彼自身は快く承諾してくれたのだが、学校を取り仕切る理事長代理兼サッカー部のマネージャーの一人である雷門夏未嬢にも意見を聞いた方が良いと助言を貰ったので、早速その日の昼休み、理事長室に足を向けた。

べっ別に早く特集を組んだ新聞を売り出して部を潤してやろうだなんて思ってないんだからねッ!!



…うん、ツンデレキャラは性に合わないな。直ちにやめることにしよう。

「矢張り学校一のツンデレキャラは雷門嬢、貴女しかいないと思うのだよ」

「……貴女はそれだけを言いに来たんですか?」

「否、違うが」

「つんでれって何よ…」一人思考に耽る雷門嬢と机を挟んで対峙した私は、こめかみを押さえて頭を振る。思考がそのまま口をつくなんて、修行不足だな。まだまだ一人前のジャーナリストの道にはほど遠いな。

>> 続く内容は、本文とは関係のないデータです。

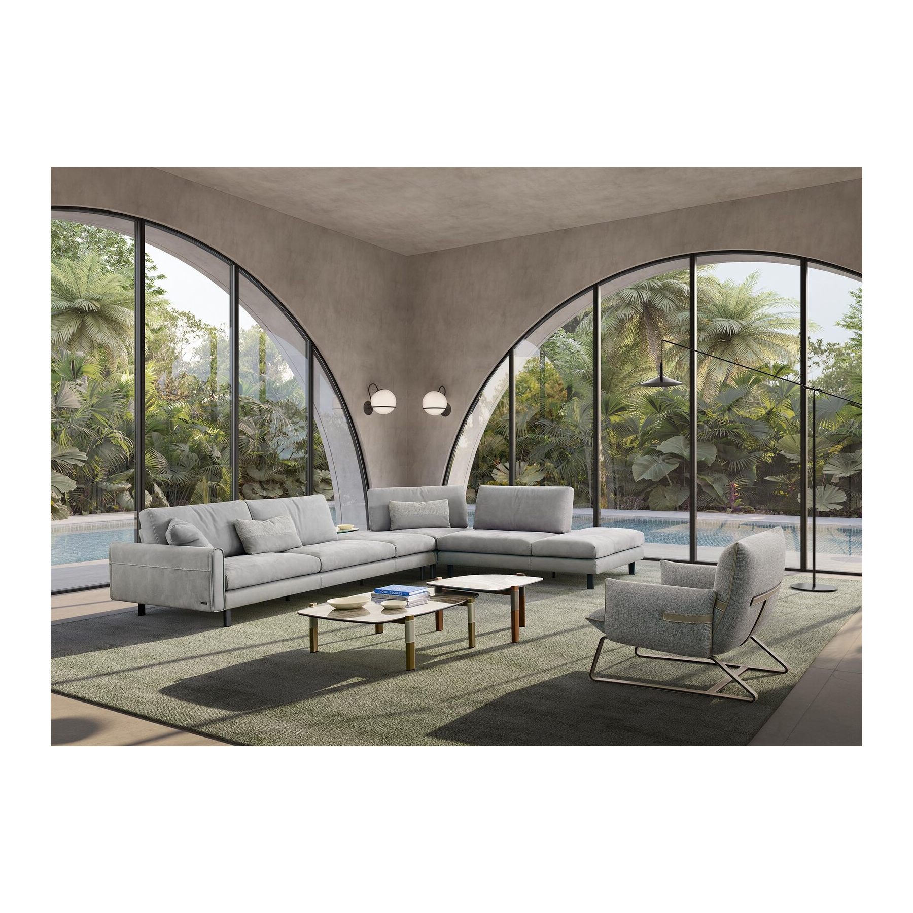 The Summer sofa provides functionality and design in equal doses, allowing you to customize it with the new units featuring elegant side tables in ceramic or marble so it can be adapted to any kind of décor or room size and you can create an invitingly refined environment.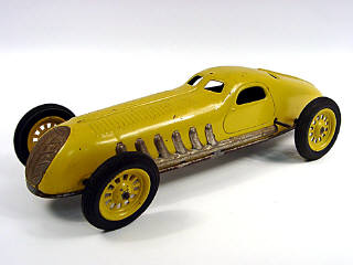 longueur 36 cm - moteur à clef (à revoir) - avec direction - légère oxydation des parties nickelées - 3 soudures non d'origine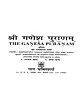 Thus it is quite in the fitness of things that M/S Nag Publishers should have thought of bringing out a reprint of Sriganesa Purana - one of the two Upapuranas (Mudgalapurana being the other one) solely dealing with Ganesa as the Supreme Divine Power.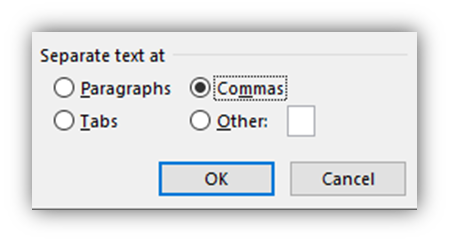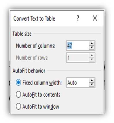 📌 Go To Insert > Table >Convert Text To Table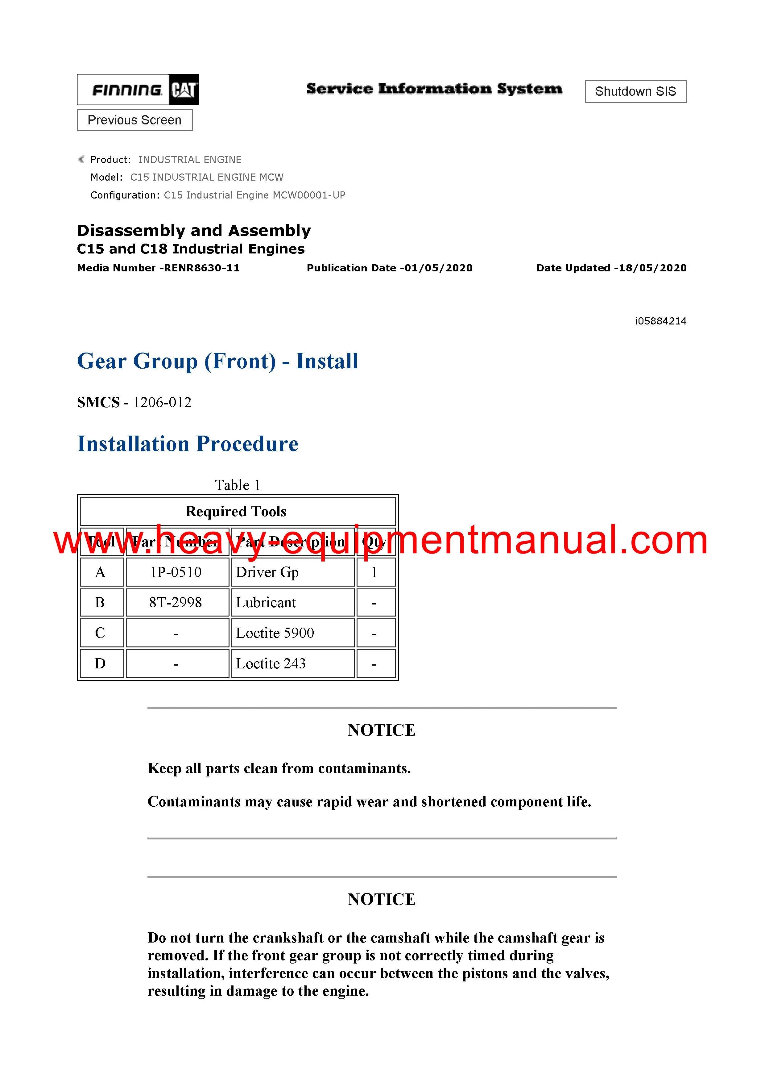 DOWNLOAD CATERPILLAR C15 INDUSTRIAL ENGINE SERVICE REPAIR MANUAL MCW

ふむ、と頷く私に、やや顔をしかめた雷門嬢が「ところで」と問いかける。

「結局、貴女は一体何の用でここにいらっしゃったんですか?」

「ああそうだった。うん─そうだな。雷門嬢、最近のサッカー部はどんな様子かな?」


逆に問うと雷門嬢は首を捻った後で「大会も勝ち進んで好調ですよ」と答えてくれた。

「そうか…。いやな、今回の用件は、次の学校新聞で是非サッカー部の特集を組みたいと思って、それの許可を貰いにきたのだ」

「取材?」

まばたきをした雷門嬢はオウム返しする。そして何か考え込むような表情をしながら手元のノートパソコンを開き、言葉を続けた。

「そう─なら、お聞きしてもよろしいですか?」

「どうぞ」

「その取材とやら、サッカー部にどんなメリットがありますの?」

そら来た。
雷門嬢のことだから、必ずこの質問をぶつけてくることは分かっていたのだ。
私は用意しておいた言葉をつらつらと答える。

「勿論。サッカー部を応援してくれる生徒もいるだろうし、新聞は公民館にも置かせて貰ってるから、それを見たご近所の小学生たちが憧れを抱くこと請け合い…来年のサッカー部が安泰になること間違いなしだ」

それに、と続けると、雷門嬢はもう一つまばたきをした。

「同士が増えれば、円堂後輩達も喜ぶだろう?」

「………」

ハッと顔を赤くした雷門嬢が、睨むようにこちらを見る。
しかし少しすると、彼女は小さく咳払いをし椅子に深く腰掛けなおした。

「まっ…まぁ、そういった理由があるなら、良いでしょう、許可します」

「有難う、雷門嬢」

恋するオトメゴコロとやらを利用したようで気が引けるものはあるが、これも記事のため。私はにっこり微笑んで小腰を折る。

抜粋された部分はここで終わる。